:: EXERCISE AIM ::
Include in the reply only the lines from the start of the data below through the line containing "Der im Jahre", reproduced exactly and with no pictures.

:: INFORMATION SHOWN ::

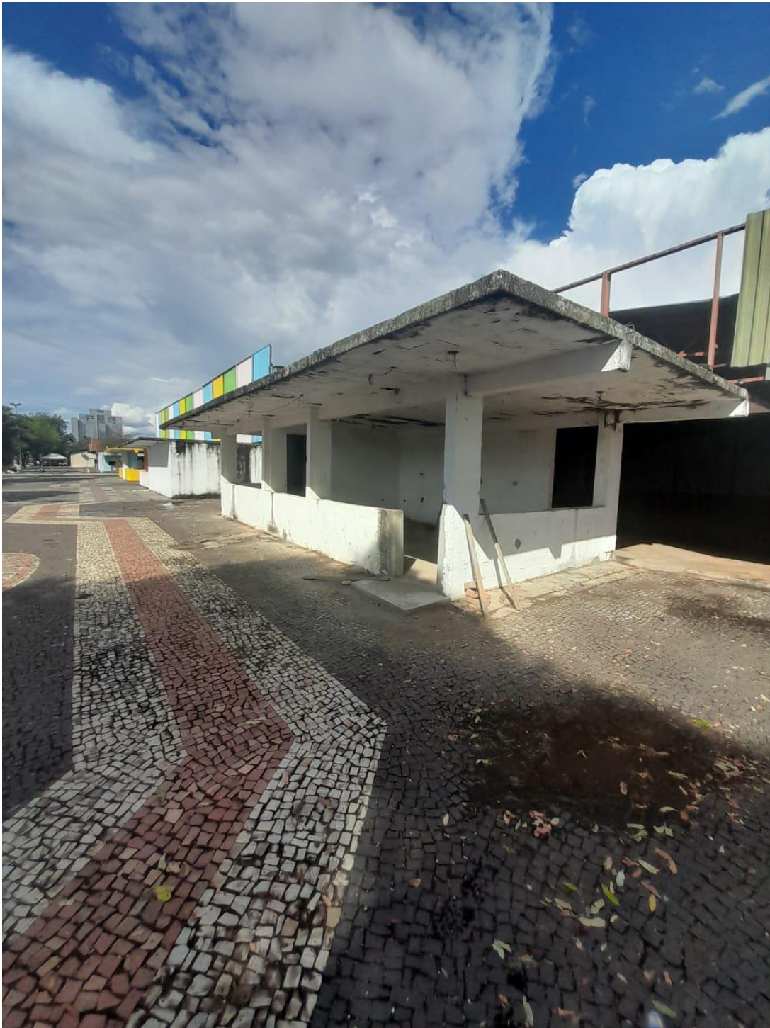
Figura 4 Fachada principal de um galpão que poderá sediar as instalações do curso técnico.
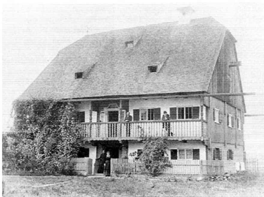
Der im Jahre 1904 abgebrochene alte Pfarrhof von Fürholzen.

Allgemein diente zum Unterhalt der Pfarrei die eigene Ökonomie und die zu Fürholzen war 1591 mit einem Viehstand von 3 Rössern, 8 Kühen, 5 Jungrindern, 2 Schweinen, 5 Schafen und 1 Lamm einem ganzen Hof gleichzusetzen 20 . Anno 1610 steht geschrieben: »Der Pfarrer baut auf jedes Feld (drei) bei acht Juchart Acker selbst.« Die Äcker und Wiesen des Widdums änderten ihre Flächenzahl durch Zukauf und Tausch häufig; 1820 betrug die Flächengröße 82 Tgw. 46 Dezimal. 1835 bereits 155 Tgw. 92 Dez. — Im übrigen bezog ein Pfarrer aus pfarr- bzw. kircheneigenen Gründen zu Deutenhausen, Oberröblich und Günzenhausen einen gewissen Getreidezehent, dazu von einzelnen Bauern den ganzen oder Teilzehent aus Fürholzen, Ottenburg, Kleinnöblich, Geselthausen, Massenhausen, Weng, Eisenbach und Haimhausen und zwar aufgrund alter Zehentrechte der Pfarrei. Die Reichnisse bestanden in Getreide, Geflügel, Eier und einem kleinen Geldbetrag 21 .

:: RESPONSE BELOW ::
Figura 4 Fachada principal de um galpão que poderá sediar as instalações do curso técnico.
Der im Jahre 1904 abgebrochene alte Pfarrhof von Fürholzen.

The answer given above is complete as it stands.